# Try it
Retype exactly what appears below from the line containing "A man, slate" down to the line containing "加微信送送送 您有吃过手工的阿胶糕吗想尝一下新鲜食材现熬的阿胶糕吗加佳佳的微信就给您寄吃免费的阿胶糕 选用山东正宗阿胶", keeping both end lines. Do not include pictures.

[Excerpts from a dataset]
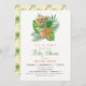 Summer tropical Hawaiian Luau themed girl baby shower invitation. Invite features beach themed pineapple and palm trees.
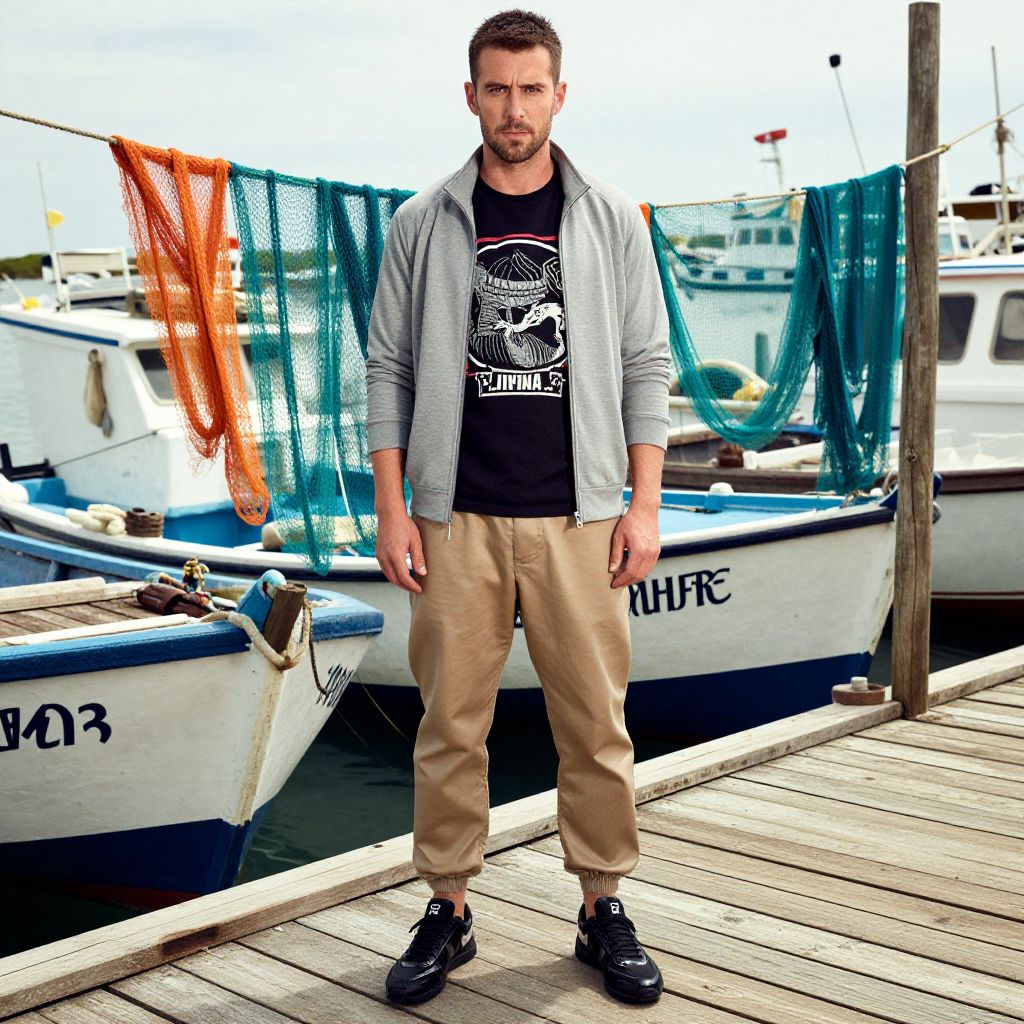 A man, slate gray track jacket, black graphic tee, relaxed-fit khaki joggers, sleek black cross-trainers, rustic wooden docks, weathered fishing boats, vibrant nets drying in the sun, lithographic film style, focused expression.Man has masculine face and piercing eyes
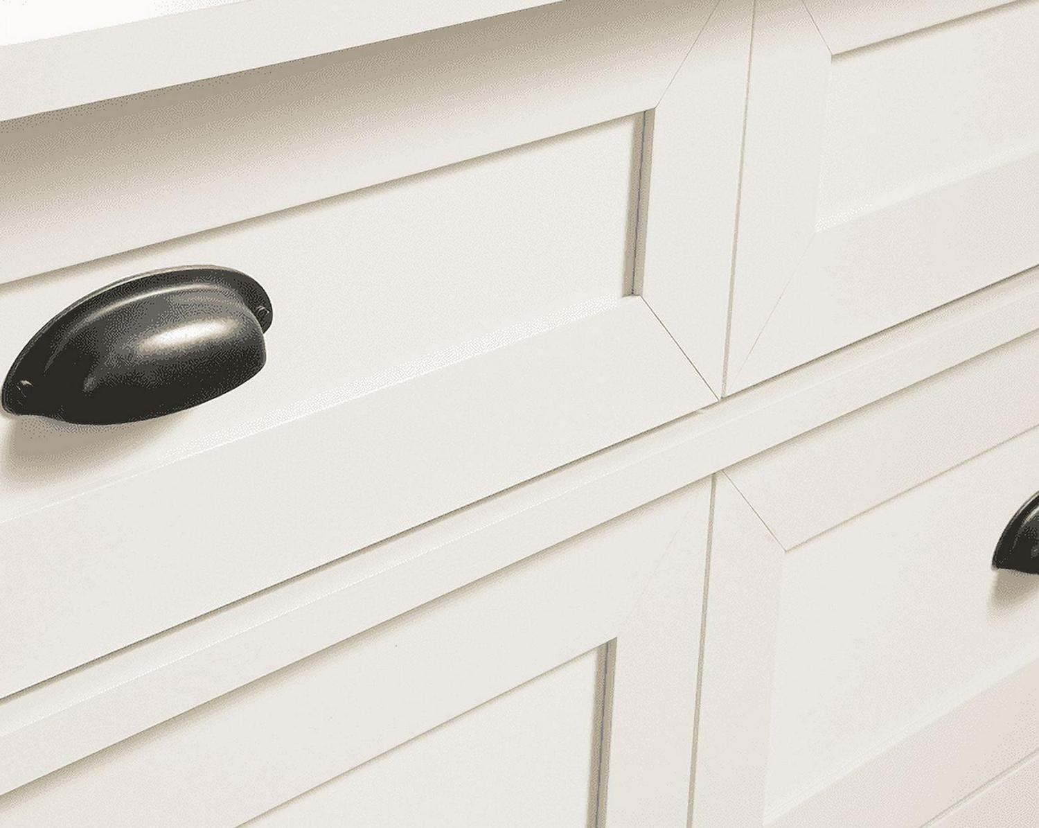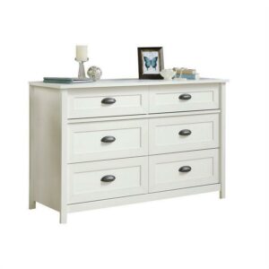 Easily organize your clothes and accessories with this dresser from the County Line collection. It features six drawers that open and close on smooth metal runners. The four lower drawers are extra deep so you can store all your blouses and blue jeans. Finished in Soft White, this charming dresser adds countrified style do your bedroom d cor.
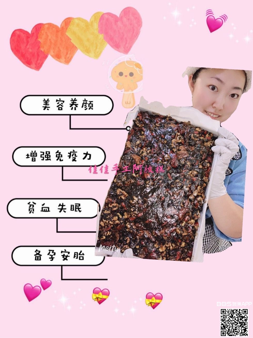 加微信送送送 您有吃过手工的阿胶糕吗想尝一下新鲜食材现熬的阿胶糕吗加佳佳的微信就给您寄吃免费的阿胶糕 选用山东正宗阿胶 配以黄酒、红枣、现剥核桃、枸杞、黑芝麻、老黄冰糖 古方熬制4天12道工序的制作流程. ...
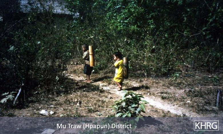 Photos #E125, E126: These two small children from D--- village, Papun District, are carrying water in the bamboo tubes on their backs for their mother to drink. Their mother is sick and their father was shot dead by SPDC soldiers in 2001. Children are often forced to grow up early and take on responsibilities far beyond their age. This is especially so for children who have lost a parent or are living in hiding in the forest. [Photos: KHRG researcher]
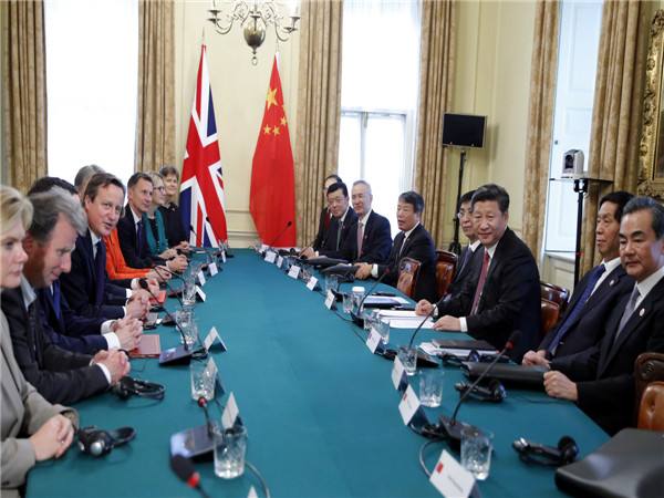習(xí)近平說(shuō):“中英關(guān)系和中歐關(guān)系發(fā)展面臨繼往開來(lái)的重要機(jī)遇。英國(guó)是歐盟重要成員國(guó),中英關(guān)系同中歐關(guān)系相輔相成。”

# Answer area
 A man, slate gray track jacket, black graphic tee, relaxed-fit khaki joggers, sleek black cross-trainers, rustic wooden docks, weathered fishing boats, vibrant nets drying in the sun, lithographic film style, focused expression.Man has masculine face and piercing eyes
 Easily organize your clothes and accessories with this dresser from the County Line collection. It features six drawers that open and close on smooth metal runners. The four lower drawers are extra deep so you can store all your blouses and blue jeans. Finished in Soft White, this charming dresser adds countrified style do your bedroom d cor.
 加微信送送送 您有吃过手工的阿胶糕吗想尝一下新鲜食材现熬的阿胶糕吗加佳佳的微信就给您寄吃免费的阿胶糕 选用山东正宗阿胶 配以黄酒、红枣、现剥核桃、枸杞、黑芝麻、老黄冰糖 古方熬制4天12道工序的制作流程. ...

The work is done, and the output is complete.